The beginning of 2006 saw a committed continuation of paving democracy for Afghanistan, as the country was once again in the limelight. Afghanistan's remarkable journey to democracy, which many were skeptical of, was highlighted in the two-day conference held in London.

On January 31 and February 1, more than 60 countries and international organisations vowed not to abandon the fragile nation that faced challenging times ahead. With over $10.5 billion pledged for what is called the Afghanistan Compact, the nation looked forward to five more years of international assistance, indeed an endorsement for the next phase of its development.
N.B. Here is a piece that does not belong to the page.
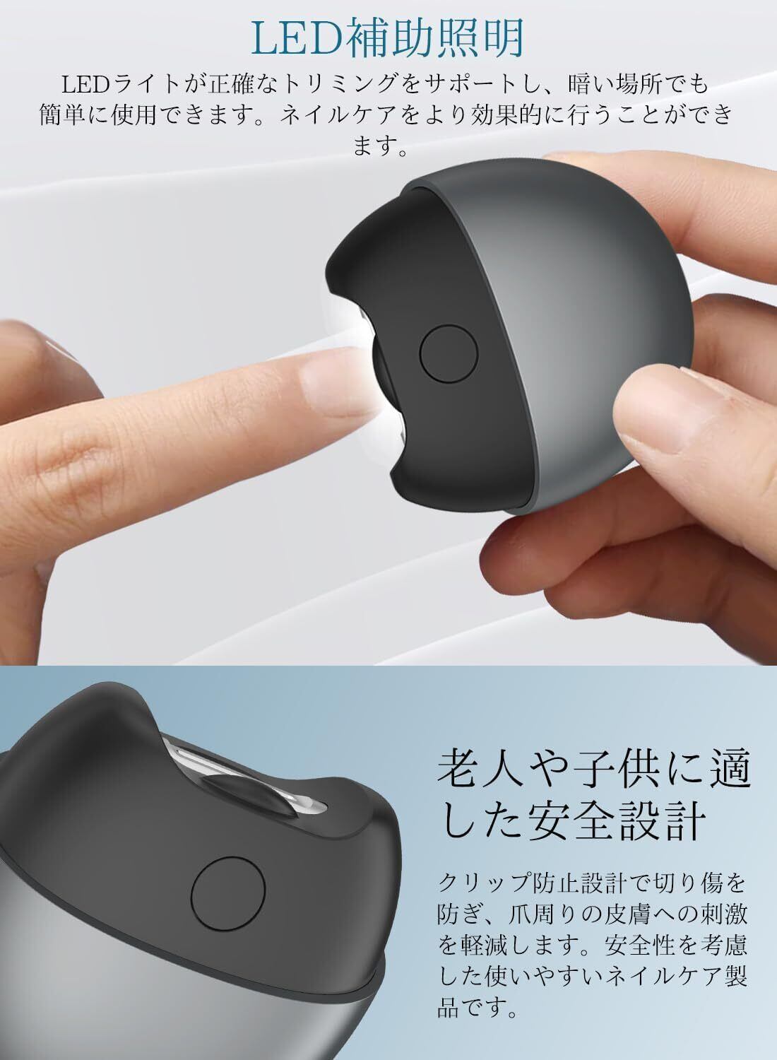 電動爪切り 電動爪やすり 電動つめきり 電動爪削り器 LEDライト 電動ネイルケア 爪とぎ Type-C充電式 可愛い 操作が簡単 爪傷防止 安全 低騒音 角質ケア 巻き爪 厚い爪 爪ケア 用 赤ちゃん/子供/大人/高齢者 安全スイッチが付き プレゼント (black)

In brief, the Afghanistan Compact established three necessary and vital issues of development: security, governance and eco-social growth. Furthermore, the plan incorporated ambitious objectives as a means to fulfill the ongoing transformation of the country from tyranny to democracy. These goals consisted of disbanding all illegal militias by 2007, enrolling 60 per cent girls and 75 per cent boys in primary schools by 2010, and exterminating the opium trade. While the success of these aspirations was clearly felt during the conference, the very basis of this democratic foundation, which lies in its two-year old constitution, has often failed to allure the limelight.

On January 4, 2004, when the international community congratulated Afghanistan on the adoption of its new constitution, it seemed that the war-torn nation had finally discovered a channel to struggle out of its long history. Its new regime was determined to depart from the radicalism of the Taliban regime and step towards a nation that would have "free and fair elections" to choose a "fully representative government."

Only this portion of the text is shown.